### Work to be completed
Please, without any pictures, set down exactly the part of the listing below that opens with the line containing "2013年5月2日,记者来到" and closes with the line containing "そこから徒歩数分の場所で制作".

═══ Input data ═══

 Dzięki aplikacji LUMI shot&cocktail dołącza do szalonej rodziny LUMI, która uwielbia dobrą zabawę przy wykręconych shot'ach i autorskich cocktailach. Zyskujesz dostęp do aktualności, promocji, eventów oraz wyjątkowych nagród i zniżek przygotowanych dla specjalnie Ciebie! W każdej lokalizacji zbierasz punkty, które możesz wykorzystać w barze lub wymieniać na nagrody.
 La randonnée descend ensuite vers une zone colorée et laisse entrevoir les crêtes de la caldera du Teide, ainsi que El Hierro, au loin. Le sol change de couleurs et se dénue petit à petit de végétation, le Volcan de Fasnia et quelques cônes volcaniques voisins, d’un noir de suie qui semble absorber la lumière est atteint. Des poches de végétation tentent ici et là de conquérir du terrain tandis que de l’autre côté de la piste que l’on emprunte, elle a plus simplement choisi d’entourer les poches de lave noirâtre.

═══
═══ Input data ═══

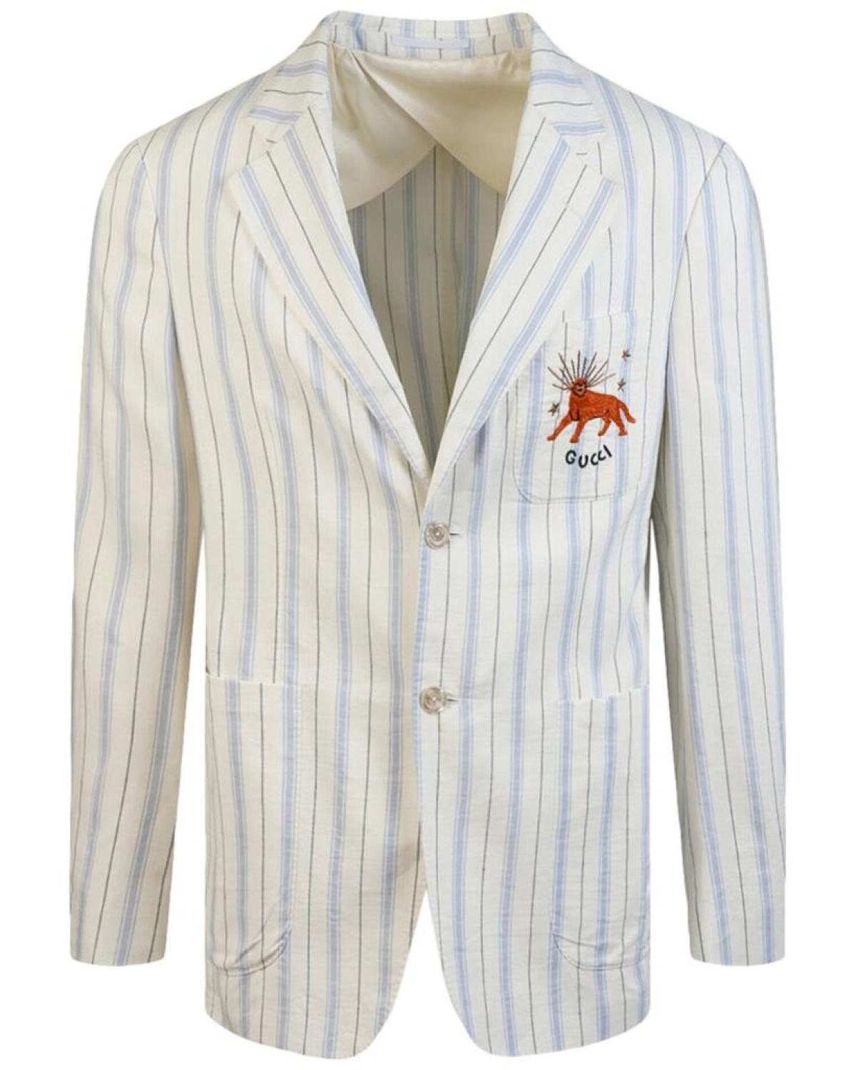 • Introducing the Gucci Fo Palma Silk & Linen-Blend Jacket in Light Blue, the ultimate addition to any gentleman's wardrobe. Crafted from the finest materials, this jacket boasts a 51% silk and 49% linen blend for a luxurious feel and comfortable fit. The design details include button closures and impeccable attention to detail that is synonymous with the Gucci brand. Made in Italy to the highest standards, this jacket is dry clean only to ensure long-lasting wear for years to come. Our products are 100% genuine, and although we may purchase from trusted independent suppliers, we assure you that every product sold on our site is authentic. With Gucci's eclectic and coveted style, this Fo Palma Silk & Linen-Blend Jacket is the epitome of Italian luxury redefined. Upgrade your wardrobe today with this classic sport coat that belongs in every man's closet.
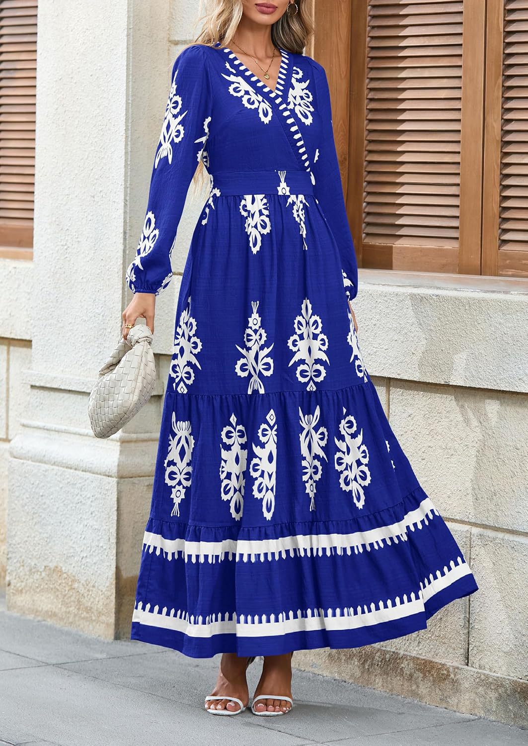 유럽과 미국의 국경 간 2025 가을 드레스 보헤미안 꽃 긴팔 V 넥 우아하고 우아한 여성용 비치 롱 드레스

═══
═══ Input data ═══

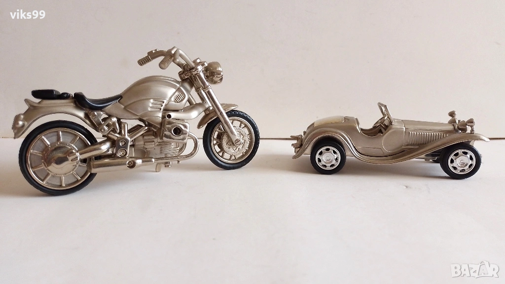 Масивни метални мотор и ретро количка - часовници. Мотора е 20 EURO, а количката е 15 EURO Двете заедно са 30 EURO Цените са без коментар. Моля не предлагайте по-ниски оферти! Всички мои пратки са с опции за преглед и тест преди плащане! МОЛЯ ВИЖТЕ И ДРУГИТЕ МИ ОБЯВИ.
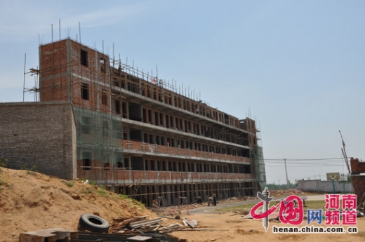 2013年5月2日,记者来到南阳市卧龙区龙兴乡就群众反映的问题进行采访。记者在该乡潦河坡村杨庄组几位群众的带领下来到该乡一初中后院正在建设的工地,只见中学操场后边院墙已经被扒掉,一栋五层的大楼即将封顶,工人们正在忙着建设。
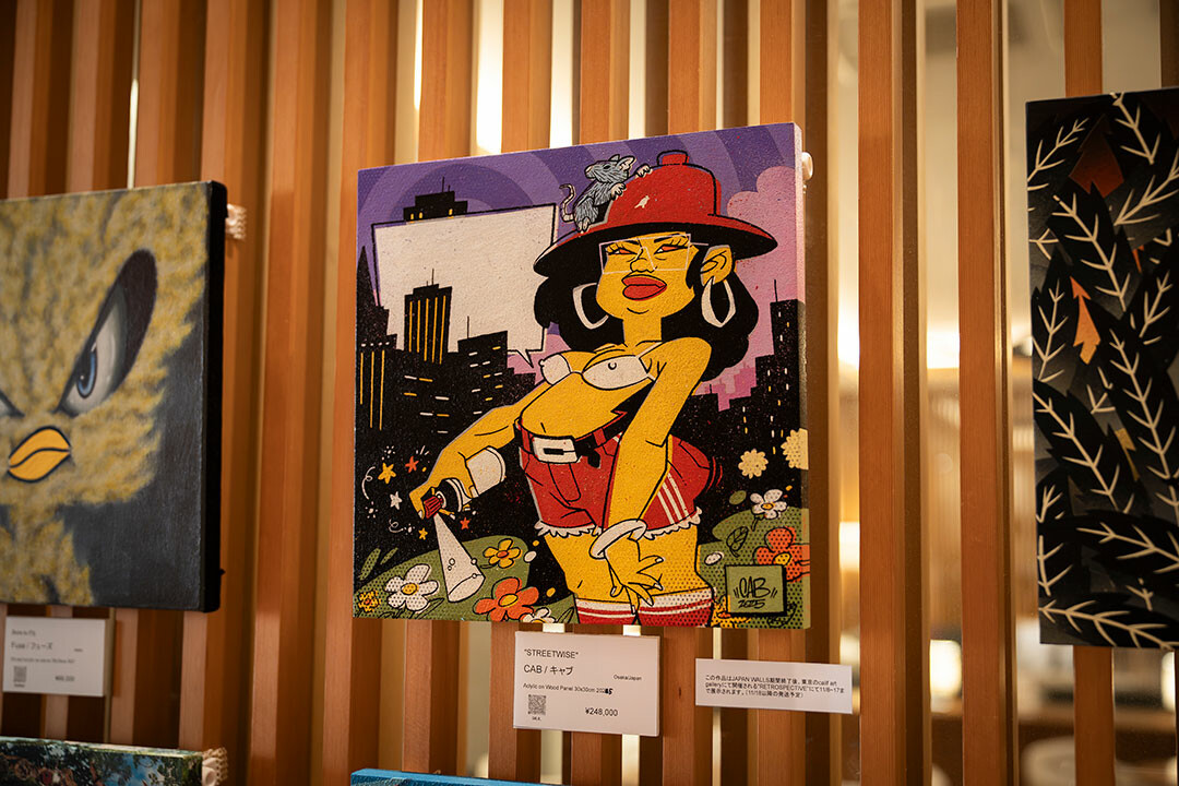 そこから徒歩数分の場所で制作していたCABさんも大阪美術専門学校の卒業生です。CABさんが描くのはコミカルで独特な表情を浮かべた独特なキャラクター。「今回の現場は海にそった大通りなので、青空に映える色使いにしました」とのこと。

═══

### Result of the exercise
 2013年5月2日,记者来到南阳市卧龙区龙兴乡就群众反映的问题进行采访。记者在该乡潦河坡村杨庄组几位群众的带领下来到该乡一初中后院正在建设的工地,只见中学操场后边院墙已经被扒掉,一栋五层的大楼即将封顶,工人们正在忙着建设。
 そこから徒歩数分の場所で制作していたCABさんも大阪美術専門学校の卒業生です。CABさんが描くのはコミカルで独特な表情を浮かべた独特なキャラクター。「今回の現場は海にそった大通りなので、青空に映える色使いにしました」とのこと。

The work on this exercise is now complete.